Here are some triangles in the graph that the algorithm returns. As you can see, there are quite a few familiar names (if you are familiar with Hollywood actors).

1
 2
 3
 4
 5
 6
 7
 8
 9
10
11
Nolte, Nick Carell, Steve Krasinski, John
Hoffman, Dustin Page, Geraldine Gish, Lillian
Hathaway, Anne Fraser, Brendan Culkin, Macaulay
Linney, Laura Tomei, Marisa Sutherland, Kiefer
Watts, Naomi Lohan, Lindsay Sewell, Rufus
Fonda, Jane Liotta, Ray Hewitt, Jennifer Love
Cruise, Tom Clooney, George Broadbent, Jim
McConaughey, Matthew Baruchel, Jay Fallon, Jimmy
Reeves, Keanu Bassett, Angela Turturro, John
Bale, Christian Baldwin, Alec Dujardin, Jean
...

Turns out that Spark's GraphX library also has routines for triangle counting, although it does not list triangles, it just returns a count of triangles rooted at each vertex.

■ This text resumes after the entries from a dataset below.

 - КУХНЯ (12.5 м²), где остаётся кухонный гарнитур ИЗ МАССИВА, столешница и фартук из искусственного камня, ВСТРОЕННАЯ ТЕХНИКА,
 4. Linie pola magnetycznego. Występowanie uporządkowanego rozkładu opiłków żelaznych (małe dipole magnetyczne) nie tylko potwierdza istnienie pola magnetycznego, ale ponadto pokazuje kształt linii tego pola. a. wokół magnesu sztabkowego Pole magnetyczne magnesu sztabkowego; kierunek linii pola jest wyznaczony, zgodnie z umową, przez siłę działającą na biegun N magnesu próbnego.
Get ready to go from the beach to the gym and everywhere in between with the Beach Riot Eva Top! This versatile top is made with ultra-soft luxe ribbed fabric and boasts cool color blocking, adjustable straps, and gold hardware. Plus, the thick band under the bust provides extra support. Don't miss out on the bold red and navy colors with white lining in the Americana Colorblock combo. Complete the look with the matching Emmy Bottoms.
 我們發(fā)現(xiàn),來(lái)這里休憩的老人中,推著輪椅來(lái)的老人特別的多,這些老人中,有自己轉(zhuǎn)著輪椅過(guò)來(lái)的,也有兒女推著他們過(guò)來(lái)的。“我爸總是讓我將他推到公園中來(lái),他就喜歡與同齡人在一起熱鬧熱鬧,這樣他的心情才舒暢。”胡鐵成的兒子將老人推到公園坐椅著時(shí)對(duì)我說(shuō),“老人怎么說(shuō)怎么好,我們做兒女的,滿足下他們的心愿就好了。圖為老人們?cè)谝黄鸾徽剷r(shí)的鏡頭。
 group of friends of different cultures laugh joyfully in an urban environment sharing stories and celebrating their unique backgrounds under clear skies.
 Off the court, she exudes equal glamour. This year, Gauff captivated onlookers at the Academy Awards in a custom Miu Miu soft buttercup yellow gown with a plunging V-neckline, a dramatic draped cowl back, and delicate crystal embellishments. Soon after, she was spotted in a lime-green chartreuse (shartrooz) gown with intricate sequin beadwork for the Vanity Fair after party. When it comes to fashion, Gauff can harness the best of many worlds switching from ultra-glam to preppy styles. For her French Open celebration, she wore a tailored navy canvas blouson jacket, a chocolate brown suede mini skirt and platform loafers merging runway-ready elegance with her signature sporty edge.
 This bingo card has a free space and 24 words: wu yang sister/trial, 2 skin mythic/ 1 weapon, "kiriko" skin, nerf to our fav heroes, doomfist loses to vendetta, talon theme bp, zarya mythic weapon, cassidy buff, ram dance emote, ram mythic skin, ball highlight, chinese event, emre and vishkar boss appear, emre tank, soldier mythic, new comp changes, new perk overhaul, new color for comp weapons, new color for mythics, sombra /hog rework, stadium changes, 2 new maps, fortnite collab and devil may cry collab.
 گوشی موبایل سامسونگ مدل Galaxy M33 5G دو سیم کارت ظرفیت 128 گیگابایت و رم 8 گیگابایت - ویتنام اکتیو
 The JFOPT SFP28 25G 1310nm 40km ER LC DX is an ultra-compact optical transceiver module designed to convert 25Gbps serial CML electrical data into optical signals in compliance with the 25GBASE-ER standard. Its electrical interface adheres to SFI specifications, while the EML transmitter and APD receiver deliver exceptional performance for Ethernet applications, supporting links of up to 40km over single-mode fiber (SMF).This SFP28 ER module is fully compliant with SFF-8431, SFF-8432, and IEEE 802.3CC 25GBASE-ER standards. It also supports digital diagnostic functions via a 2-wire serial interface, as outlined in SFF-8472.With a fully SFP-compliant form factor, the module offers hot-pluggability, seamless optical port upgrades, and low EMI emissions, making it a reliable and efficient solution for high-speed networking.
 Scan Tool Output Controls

However, it is more performant by an order of magnitude, so its worth knowing as well. Here is a code snippet to compute the Clustering Coefficient of the vertices and the full graph.

1
 2
 3
 4
 5
 6
 7
 8
 9
10
11
12
import org.apache.spark.graphx._

val g = GraphLoader.edgeListFile(sc, "/path/to/actor_pairs.tsv", true)
  .partitionBy(PartitionStrategy.RandomVertexCut)
val triangleCounts = g.triangleCount.vertices
val degrees = g.degrees
val clusterCoeffs = triangleCounts.join(degrees) // join on vertex id
  .map(vcd => (vcd._1, 2.0 * vcd._2._1 / vcd._2._2))
  .map(vc => (bActorNames.value.getOrElse(vc._1, "UNK"), vc._2))
  .sortBy(_._2, false)
  .take(10)
  .foreach(nc => println("%5.3f\t%s".format(nc._2, nc._1)))

Gives you a list of actors with their clustering coefficients.

1
 2
 3
 4
 5
 6
 7
 8
 9
10
11
104.487 Perabo, Piper
103.545 Liotta, Ray
100.418 Page, Ellen
99.110 Russo, Rene
99.073 Steenburgen, Mary
98.211 McTeer, Janet
97.639 Arkin, Alan
97.552 Strathairn, David
96.876 Paquin, Anna
96.051 Crudup, Billy
...

To compute the graph clustering coefficient, we run the following code.

1
2
3
4
5
6
7
8
9
val numTriangles = triangleCounts.map(vc => ("G", vc._2))
  .reduceByKey((a, b) => a + b)
  .map(v => v._2)
  .take(1)(0) / 3.0
val numTriads = degrees.map(vd => ("G", vd._2))
  .reduceByKey((a, b) => a + b)
  .map(v => v._2)
  .take(1)(0) / 2.0
val graphClusterCoeff = numTriangles / numTriads

Returns a graph clustering coefficient of 22.02.